Where shortfalls in housing completions have been identified against planned requirements, strategic policy-making authorities may consider what factors might have led to this and whether there are any measures that the authority can take, either alone or jointly with other authorities, which may counter the trend. Where the standard method for assessing local housing need is used as the starting point in forming the planned requirement for housing, Step 2 of the standard method factors in past under-delivery as part of the affordability ratio, so there is no requirement to specifically address under-delivery separately when establishing the minimum annual local housing need figure. Under-delivery may need to be considered where the plan being prepared is part way through its proposed plan period, and delivery falls below the housing requirement level set out in the emerging relevant strategic policies for housing.

Where relevant, strategic policy-makers will need to consider the recommendations from the local authority’s action plan prepared as a result of past under-delivery, as confirmed by the Housing Delivery Test.

The level of deficit or shortfall will need to be calculated from the base date of the adopted plan and should be added to the plan requirements for the next 5 year period (the Sedgefield approach), then the appropriate buffer should be applied. If a strategic policy-making authority wishes to deal with past under delivery over a longer period, then a case may be made as part of the plan-making and examination process rather than on a case by case basis on appeal.

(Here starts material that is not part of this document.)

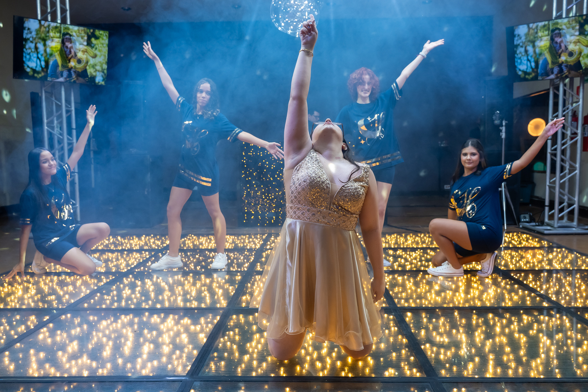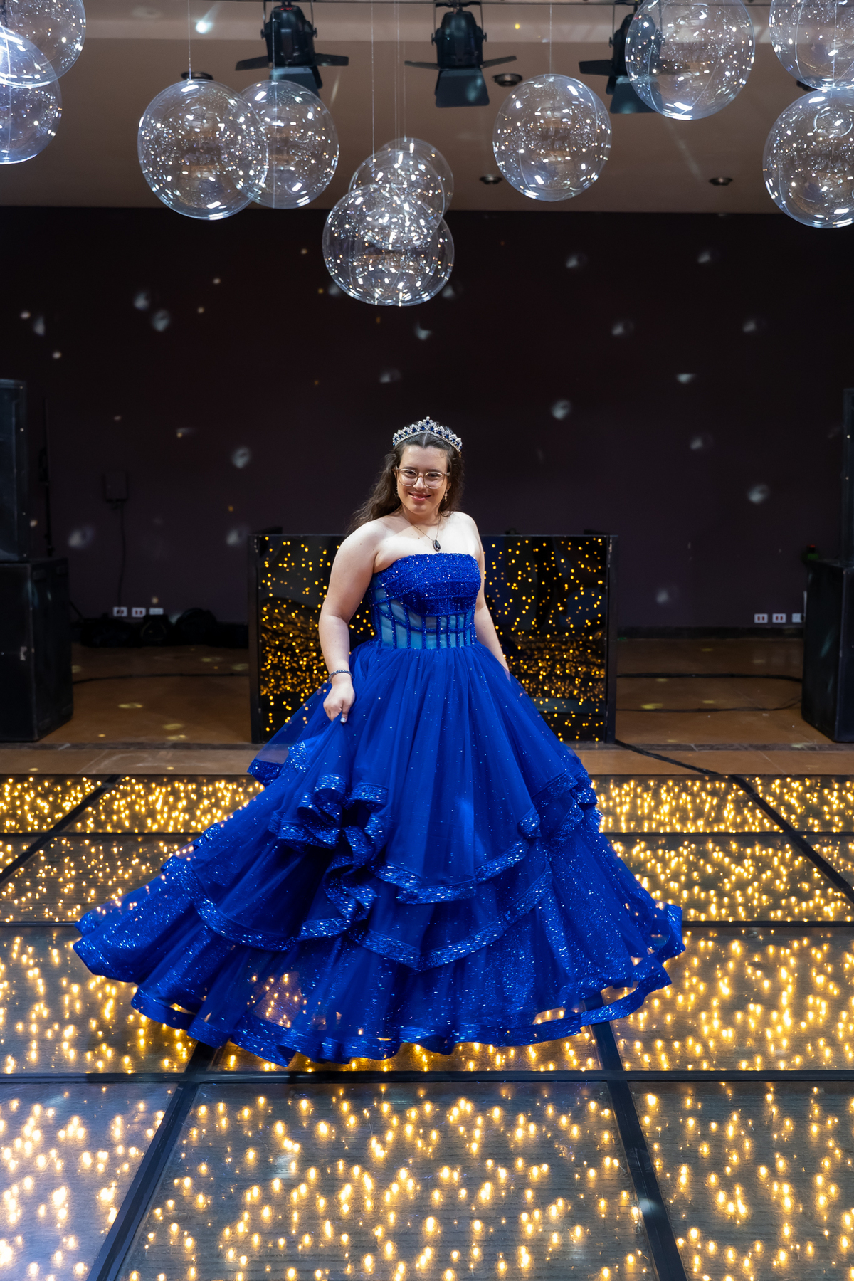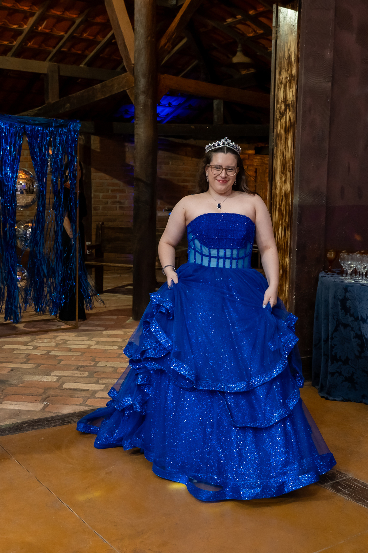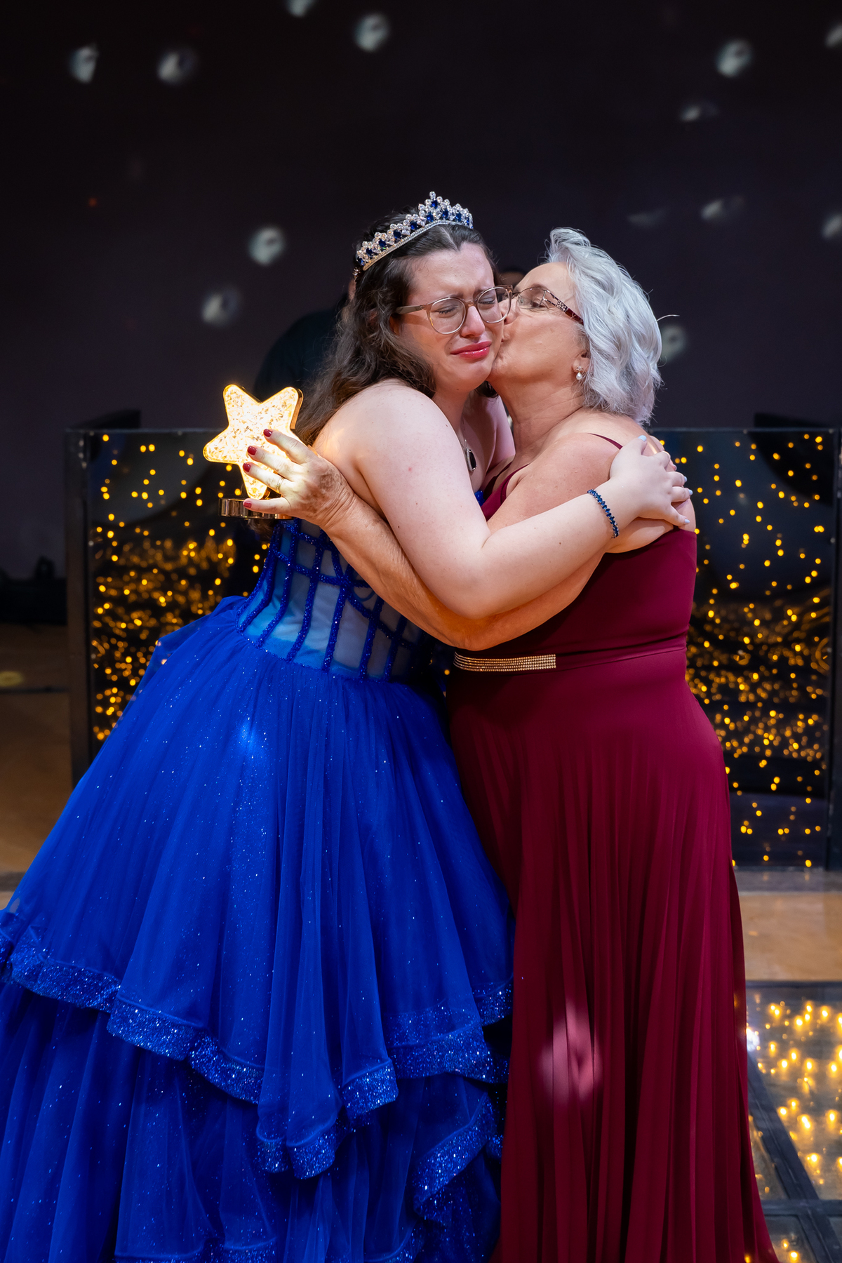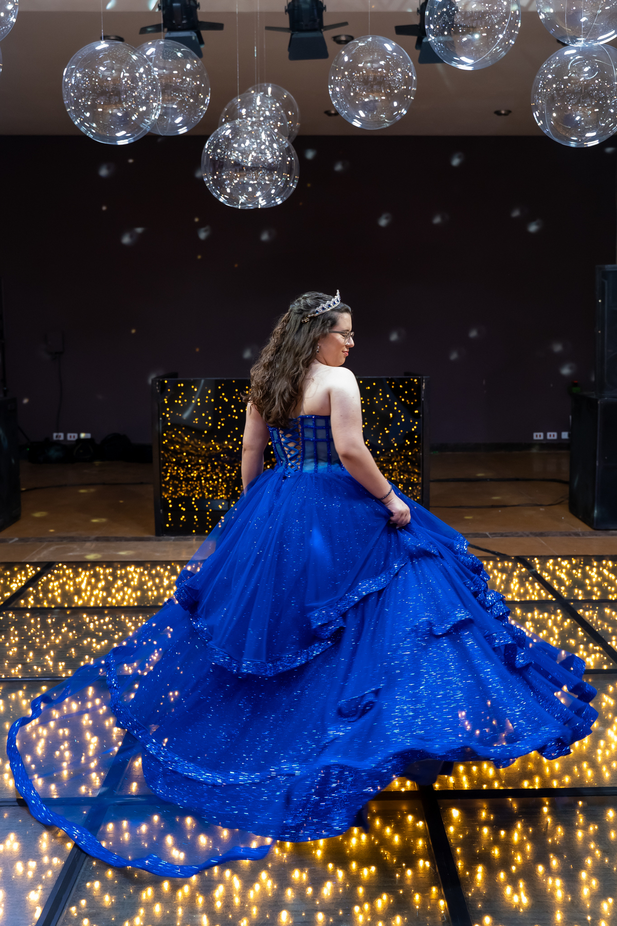 A pista de dança ficou animadíssima, com muita alegria e energia. Teve dança com o pai, com a mãe, com as amigas… momentos emocionantes e cheios de significado.

Where strategic policy-making authorities are unable to address past shortfalls over a 5 year period due to their scale, they may need to reconsider their approach to bringing land forward and the assumptions which they make. For example, by considering developers’ past performance on delivery; reducing the length of time a permission is valid; re-prioritising reserve sites which are ‘ready to go’; delivering development directly or through arms’ length organisations; or sub-dividing major sites where appropriate, and where it can be demonstrated that this would not be detrimental to the quality or deliverability of a scheme.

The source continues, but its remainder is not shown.